• [EXERCISE DESCRIPTION] Starting at the line that contains "Nätt beige pappersstjärna" and stopping after the line that contains "Aiguière et son", transcribe the listing below exactly; do not include any pictures.

____

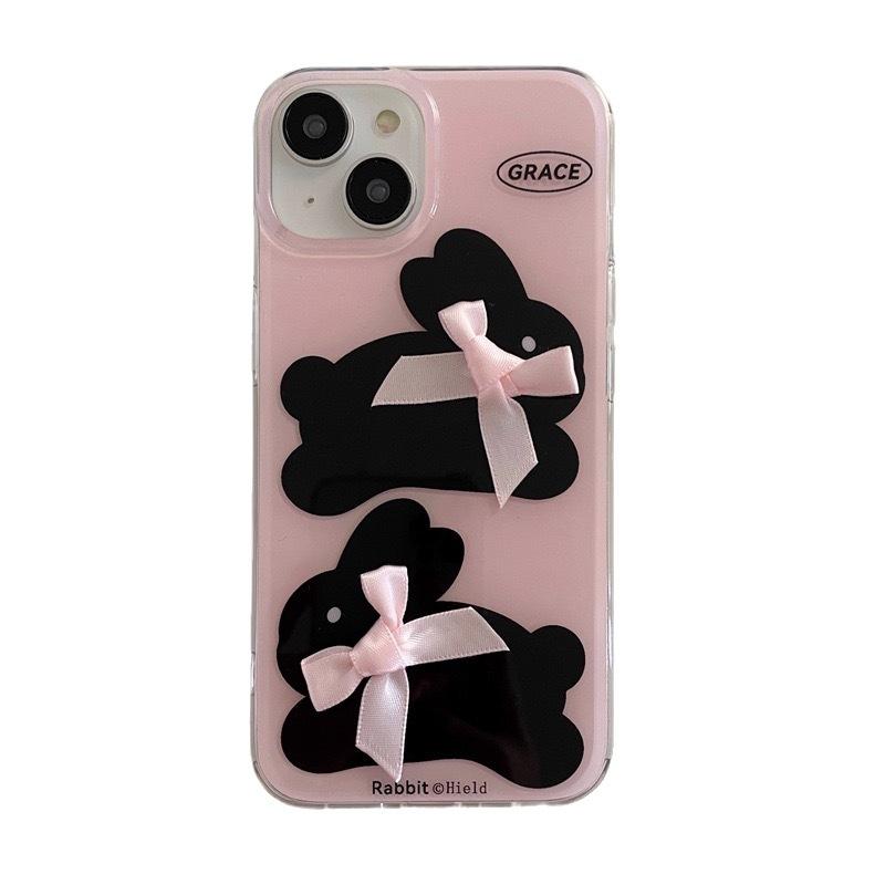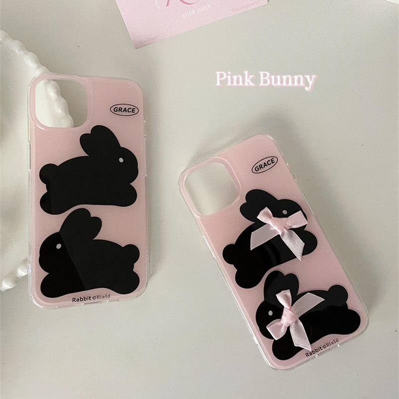 Funda para Teléfono con Lazo Rosa y Conejito, Doble Capa Antigolpes para iPhone 16 Pro Max 15 14 13 12, Estética Dulce para Chicas
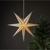 Nätt beige pappersstjärna med en dekorativt hålmönster och vikning. Modern adventsstjärna att dekorera fönster eller luta mot en vägg. Dekorera till advent och det ger en härlig julstämning.
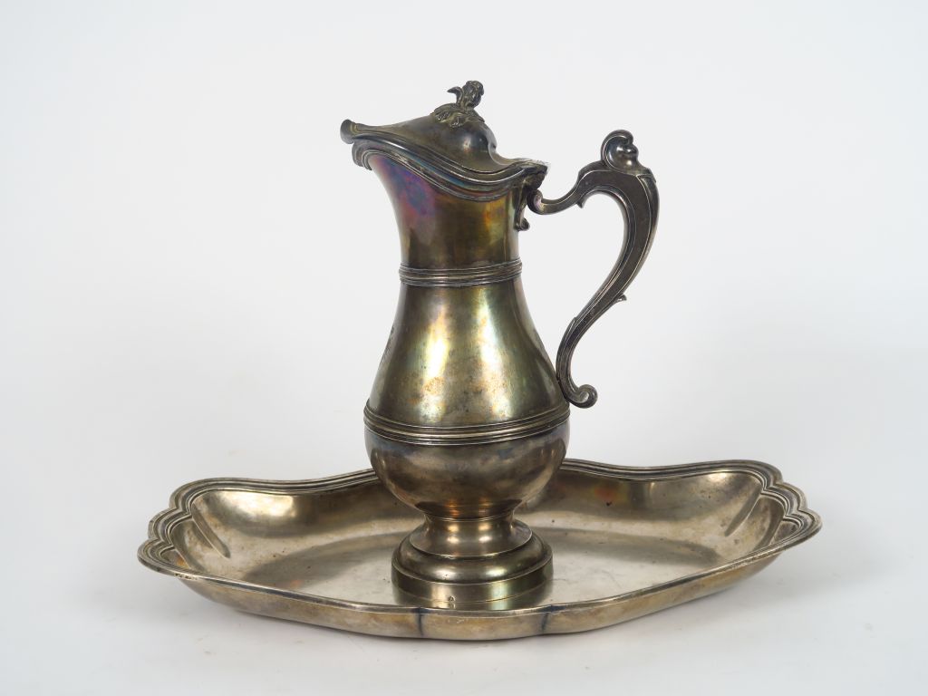 Aiguière et son bassin en argent uni. L’aiguière, de forme balustre, p...
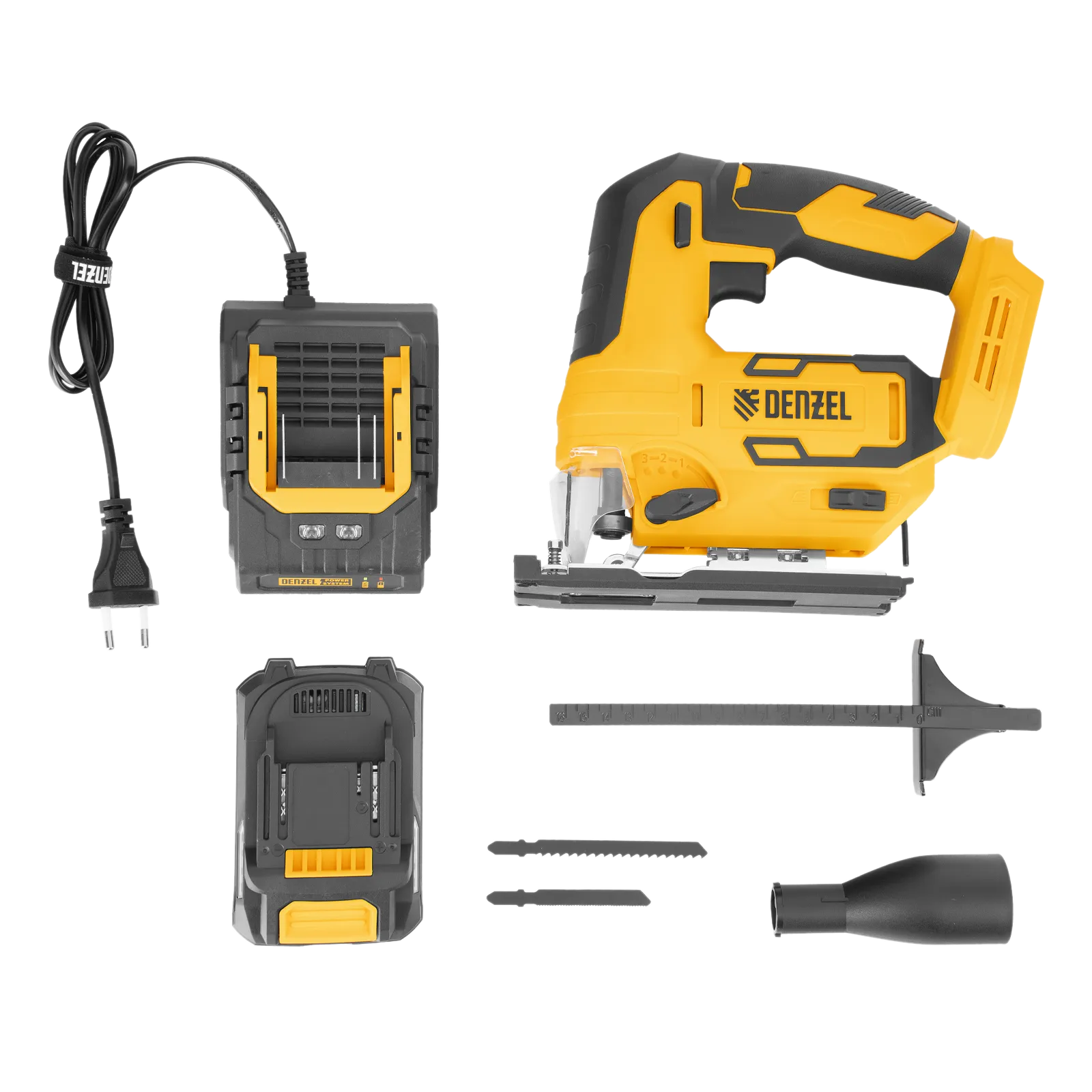 - Полная комплектация — лобзик поставляется с аккумулятором, зарядным устройством, адаптером для пылесоса, шестигранным ключом, параллельной направляющей и 2 полотнами: по дереву и по металлу.
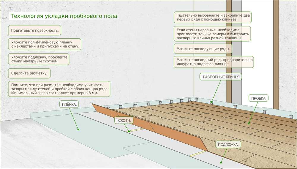 Основа под пробковый пол должна быть ровной, сухой, чистой и прочной:

____

• [RESPONSE]
 Nätt beige pappersstjärna med en dekorativt hålmönster och vikning. Modern adventsstjärna att dekorera fönster eller luta mot en vägg. Dekorera till advent och det ger en härlig julstämning.
 Aiguière et son bassin en argent uni. L’aiguière, de forme balustre, p...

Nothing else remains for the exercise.